一方、バシラス属(Bacillus)に属する微生物を作用させると、S体の4−クロロ−3−ヒドロキシブタン酸アルキルエステルが残存し、R体の光学活性3−ヒドロキシ−γ−ブチロラクトンが生成する。
【0007】
具体的には、本発明者らにより土壌から分離されたEnterobacter sp DS-S-75株、Citrobacter freundii DS-S-13株、Citrobacter freundii DS-K-40株、Bacillus sphaericus DS-ID-819株を挙げることができる。

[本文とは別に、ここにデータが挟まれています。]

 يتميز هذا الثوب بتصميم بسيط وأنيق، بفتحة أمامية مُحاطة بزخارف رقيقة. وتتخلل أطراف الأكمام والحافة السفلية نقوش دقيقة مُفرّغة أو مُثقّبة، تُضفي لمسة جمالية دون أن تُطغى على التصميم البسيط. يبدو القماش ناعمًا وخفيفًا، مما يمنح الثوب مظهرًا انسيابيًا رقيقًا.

これらの微生物は、既に特許生物寄託センターに寄託番号 (FERM BP-5494:寄託日1996.3.12)、寄託番号 (FERM BP-5492:寄託日1996.3.12)、寄託番号 (FERM BP-5493:寄託日1996.3.12)、寄託番号 (FERM BP-5495:寄託日1996.3.12)としてそれぞれ寄託されている。
【0008】
上記微生物を培養するための培地組成としては、通常これらの微生物が生育する培地ならば特に制限されない。例えば炭素源としてグリセロール、D−ソルビトール、D−マンニトール等のアルコール類、酢酸、クエン酸、リンゴ酸、マレイン酸、フマル酸、グルコン酸等の有機酸またはそれらの塩類、D−グルコース、D−フラクトース、D−ガラクトース等の炭水化物またはそれらの混合物を、窒素源として硫酸アンモニウム、硝酸アンモニウム、リン酸アンモニウム等の無機窒素化合物および尿素、ペプトン、カゼイン、酵母エキス、肉エキス、コーンスチープリカー等の有機窒素化合物とそれらの混合物を挙げることができる。その他、無機塩としてリン酸塩,マグネシウム塩、カリウム塩、マンガン塩、鉄塩、亜鉛塩、銅塩等、更に必要に応じてビタミン類を加えてもよい。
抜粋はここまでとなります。